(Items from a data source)
------------------------------

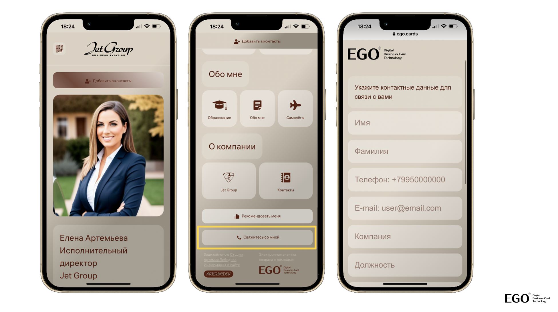 С помощью визитки EGO вам будет удобно делиться контактными данными, сайтом, соцсетями, и информацией о компании.
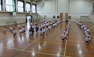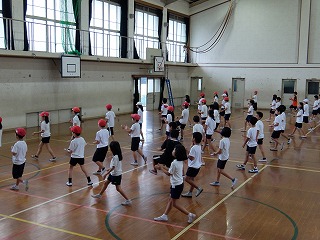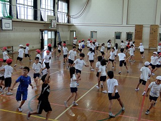 今年の運動会の3,4年生の団体演技は「エイサー」です。夏休み明けから各クラスで練習をしてきたのですが,今日初めて体育館に集まり,合同練習をしました。運動会に笑顔で「エイサー」が発表できるよう練習を頑張ります。
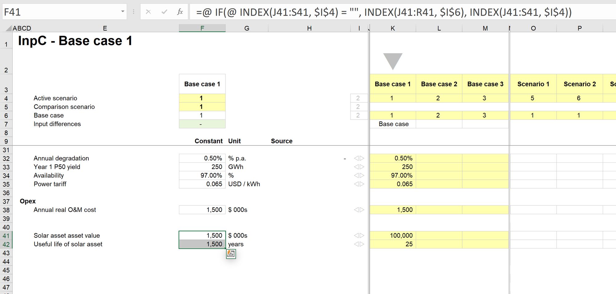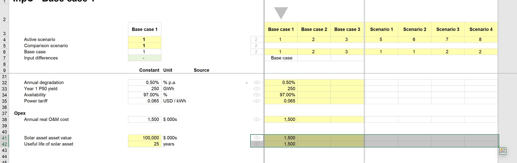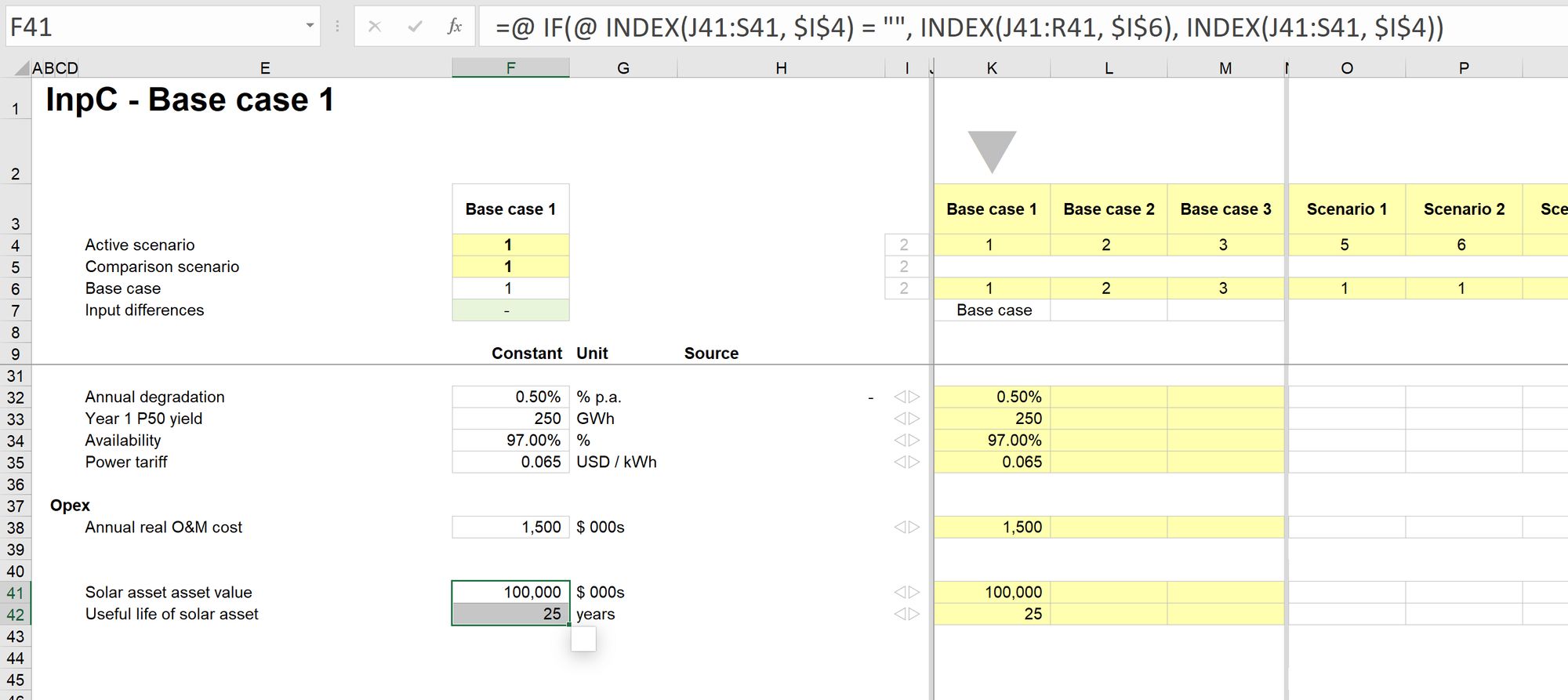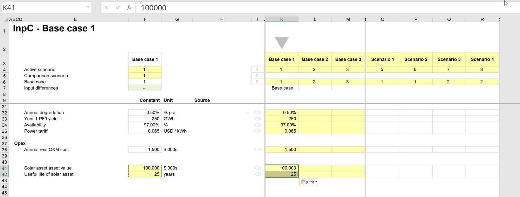 The inputs are now located at the bottom of the input sheet and set up with a complete "Input scenario" structure.
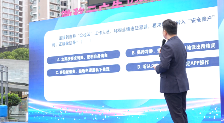 互动环节围绕未成年人保护、反诈知识、综治中心作用、检察院职能等核心内容设置问答环节,群众积极参与抢答,答对者获赠精美礼品,在趣味互动中深化法治认知。
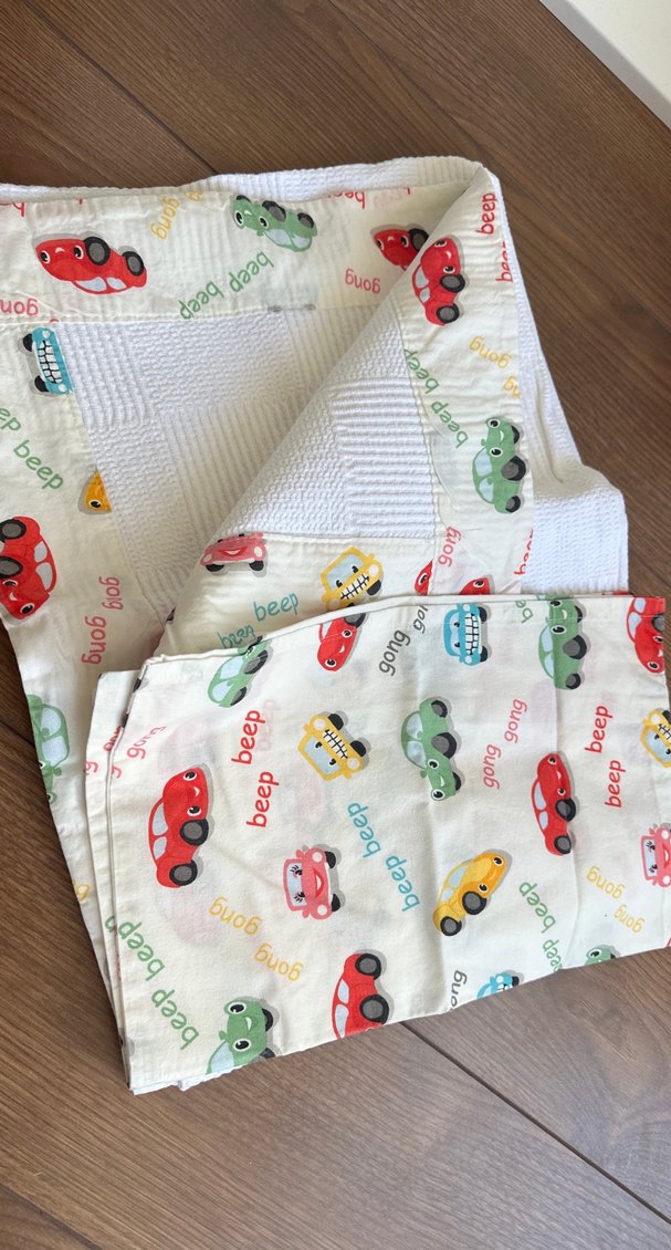 çeşitli arabalar ve eğlenceli kelimelerle baskılı renkli çocuk pike.

------------------------------

ACTIVITY >>
The records above are to be duplicated exactly, pictures left out.

ANSWER FOR THIS EXERCISE >>
 С помощью визитки EGO вам будет удобно делиться контактными данными, сайтом, соцсетями, и информацией о компании.
 今年の運動会の3,4年生の団体演技は「エイサー」です。夏休み明けから各クラスで練習をしてきたのですが,今日初めて体育館に集まり,合同練習をしました。運動会に笑顔で「エイサー」が発表できるよう練習を頑張ります。
 The inputs are now located at the bottom of the input sheet and set up with a complete "Input scenario" structure.
 互动环节围绕未成年人保护、反诈知识、综治中心作用、检察院职能等核心内容设置问答环节,群众积极参与抢答,答对者获赠精美礼品,在趣味互动中深化法治认知。
 çeşitli arabalar ve eğlenceli kelimelerle baskılı renkli çocuk pike.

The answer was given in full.